-- Requirement --
In your copy, reproduce the entries exactly as they are, minus the images.

-- Input records --
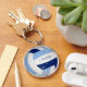 This cute volleyball keychain features the realistic image of a volleyball that has light & dark blue & white panels and a sprinkling of tiny faux silver glitter stars, upon which you can customise the player's name - by katz_d_zynes
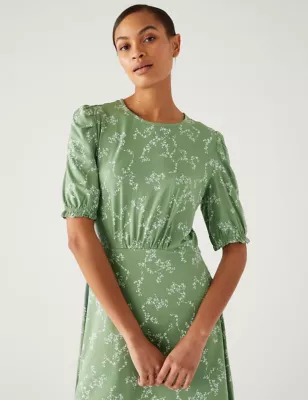 Printed Round Neck Midaxi Tea Dress
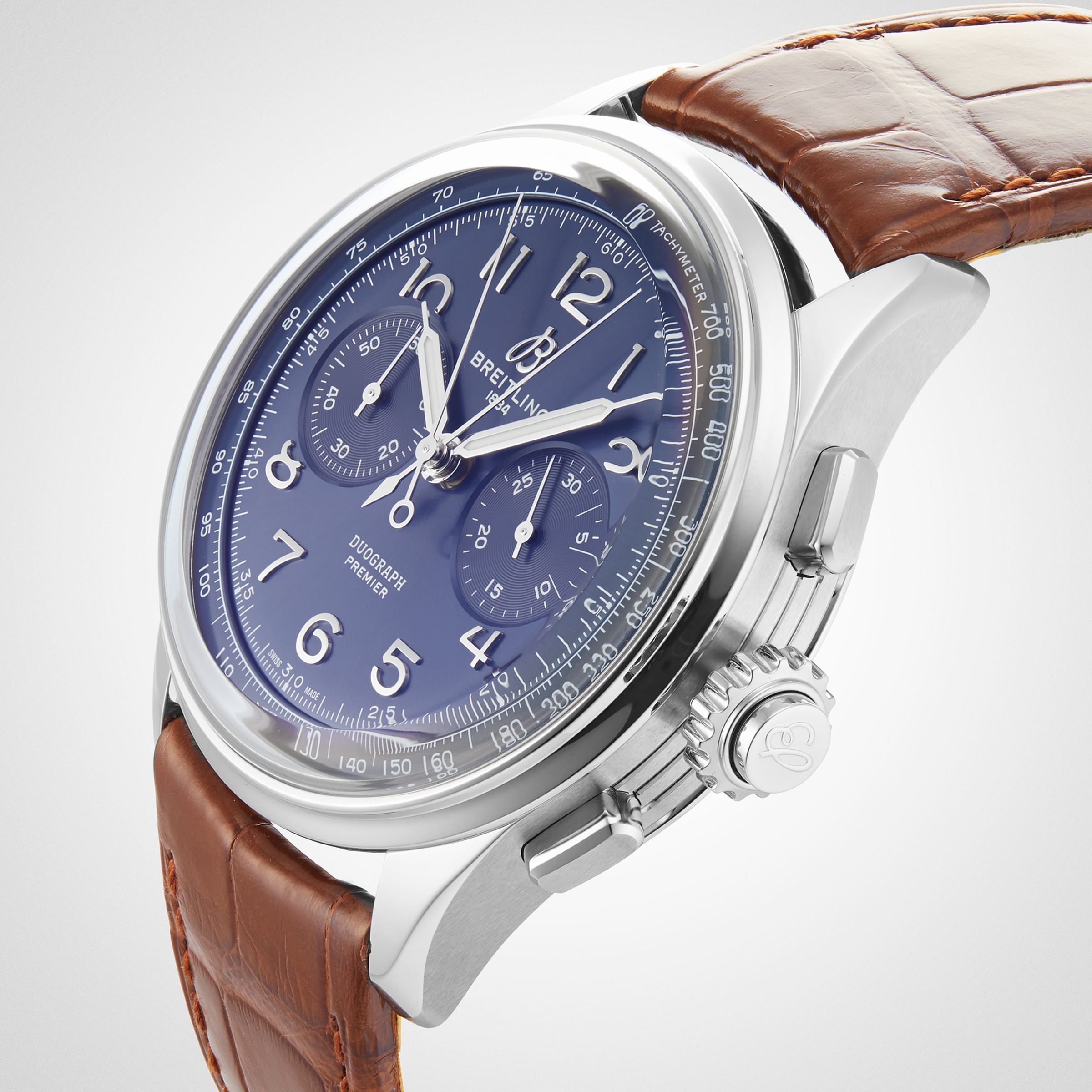 Paying tribute to three generations of inventors, this Premier Duograph model brings together the brand’s unrivalled watchmaking expertise with an unmistakable stamp of taste. Reigniting the elegance of the original collection, these models are driven by the manually wound, cosc-certified Breitling B15 calibre movement, with two patented innovations – one simplifies the mechanism while the other enhances accuracy.
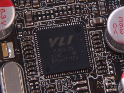 虽说主板很小,但功能方面却一点也没有缩水,该主板配备了一块VLI VL801 USB3.0高速传输芯片便是一种体现。
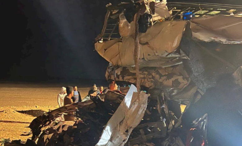 لقي 13 شخصا مصرعهم وأصيب 3 آخران في حادث تصادم مروع بين سيارة “ميكروباص” وشاحنة نقل، فجر اليوم الاثنين، على الطريق الصحراوي الغربي بمركز الغنايم في أسيوط.

-- Answer for this exercise --
 This cute volleyball keychain features the realistic image of a volleyball that has light & dark blue & white panels and a sprinkling of tiny faux silver glitter stars, upon which you can customise the player's name - by katz_d_zynes
 Printed Round Neck Midaxi Tea Dress
 Paying tribute to three generations of inventors, this Premier Duograph model brings together the brand’s unrivalled watchmaking expertise with an unmistakable stamp of taste. Reigniting the elegance of the original collection, these models are driven by the manually wound, cosc-certified Breitling B15 calibre movement, with two patented innovations – one simplifies the mechanism while the other enhances accuracy.
 虽说主板很小,但功能方面却一点也没有缩水,该主板配备了一块VLI VL801 USB3.0高速传输芯片便是一种体现。
 لقي 13 شخصا مصرعهم وأصيب 3 آخران في حادث تصادم مروع بين سيارة “ميكروباص” وشاحنة نقل، فجر اليوم الاثنين، على الطريق الصحراوي الغربي بمركز الغنايم في أسيوط.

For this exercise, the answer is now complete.